- TASK STATEMENT -
Retype exactly the span of lines below from the one with "後記1/10:感謝網友的許多回應,重新修正補充一些資料,synology NAS 不只是網路硬碟, 本身就是" through the one with "鰹や鯖などの魚類及び動物性の". Do not include pictures.

- STORED DATA -
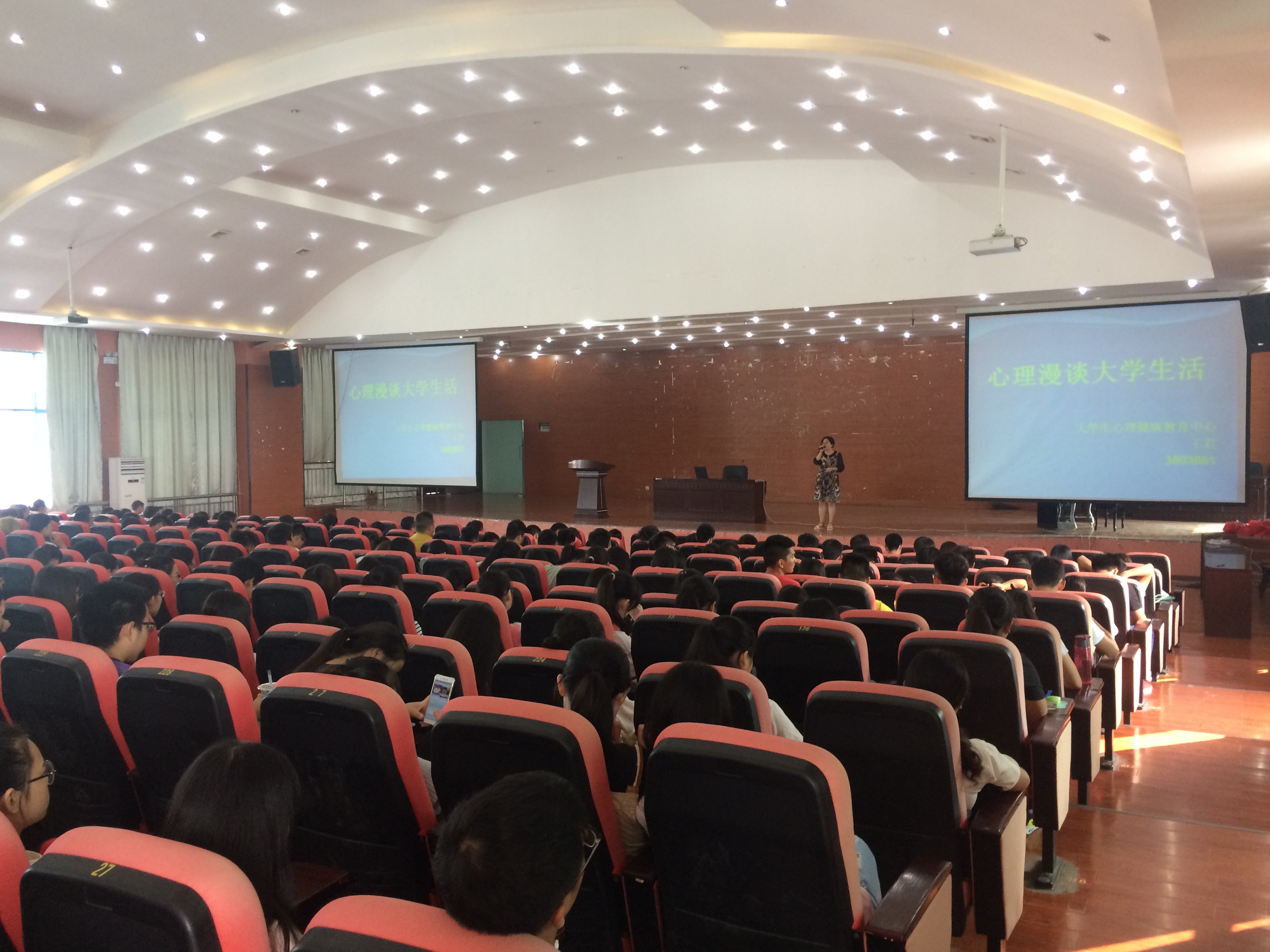 “心理漫谈大学生活” 大一新生适应性讲座2016年9月14日在活动中心三楼报告厅举行。本次讲座由大学生心理健康教育中心王君主任主讲。 讲座旨在帮助大学新生完成中学到大学的心理转变,更好地适应大学的学习、生活、人际交往、把握好就业。讲座过程中,王君主任深入浅出的分析了高中和大学在这两方面的差异,同时又分析了大学交际的微妙,以及如何理解异性关系。其中重点讲述了大学的学习与中学学习的不同。大学的学习重于自主学习,高中学习偏于填压式学习,我们进入大学后我们要学会自主把握好学习的内容、时间,把主要精力集中在自己感兴趣的专业上,同时以专业的不同角度广泛的学习其他专业的知识,不断地扩大自己的知识面,使自己在上完大学之后能够成为个知识渊博的人。在与异性交往方面,王主任先讲授了大学前中学时期老师的处理方式及背景,以及大学生在该年龄阶段的性心理状况。肯定了步入大学向往异性的正常性,同时指出了新生在学习、环境生活方面还不适应和熟悉,在异性交往方面缺乏经验的现状还不适合在异性身上花费太多的时间和精力。在就业方面,王主任认为这是一个沉重的话题,他认为我们应该关注社会的发展现状以及了解本专业那些知识和技能是社会所缺乏或必需的,以便及时调整学习内容或技能,使自己以后步入社会能迅速、充分的发挥自己的作用。 讲座结束以后,王主任与学生进行了亲切的互动,引发一阵阵热烈的掌声和笑声。
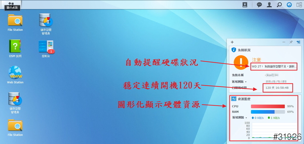 後記1/10:感謝網友的許多回應,重新修正補充一些資料,synology NAS 不只是網路硬碟, 本身就是 Linux-based 作業系統 , 包含了完整電腦的處理器 記憶體(遠遜於電腦) 超大硬碟空間 ,超高速網路介面 ,但是軟體功能的增加與變換的可能性 , 幾乎沒有盡頭,讓它近似一台迷你型伺服器,說它是網管老師的瑞士刀也不過份,但若要將上述功能全部使用、或使用人數多時,機器可能會無法負荷(可以觀看NAS內cpu 和ram的loading),可能就需要專門的伺服器,但是在家庭使用或一間辦公室使用倒是盡善盡美。
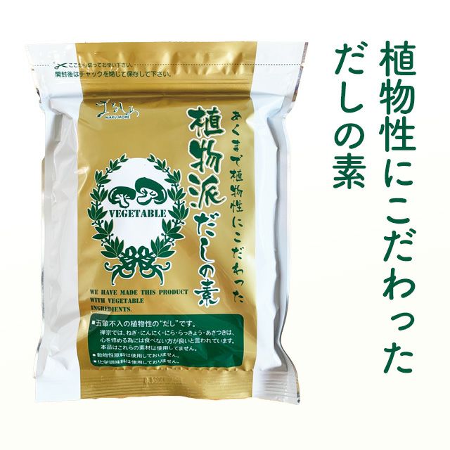 鰹や鯖などの魚類及び動物性の原料を一切使うことなく、植物性だけのもので作られた“だし”です。
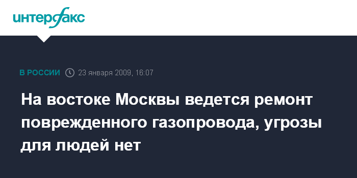 Москва. 23 января. INTERFAX.RU - На востоке Москвы начались ремонтно-восстановительные работы на месте аварии газопровода, сообщил "Интерфаксу" источник в комплексе городского хозяйства столицы в пятницу.

- EXERCISE RESPONSE -
 後記1/10:感謝網友的許多回應,重新修正補充一些資料,synology NAS 不只是網路硬碟, 本身就是 Linux-based 作業系統 , 包含了完整電腦的處理器 記憶體(遠遜於電腦) 超大硬碟空間 ,超高速網路介面 ,但是軟體功能的增加與變換的可能性 , 幾乎沒有盡頭,讓它近似一台迷你型伺服器,說它是網管老師的瑞士刀也不過份,但若要將上述功能全部使用、或使用人數多時,機器可能會無法負荷(可以觀看NAS內cpu 和ram的loading),可能就需要專門的伺服器,但是在家庭使用或一間辦公室使用倒是盡善盡美。
 鰹や鯖などの魚類及び動物性の原料を一切使うことなく、植物性だけのもので作られた“だし”です。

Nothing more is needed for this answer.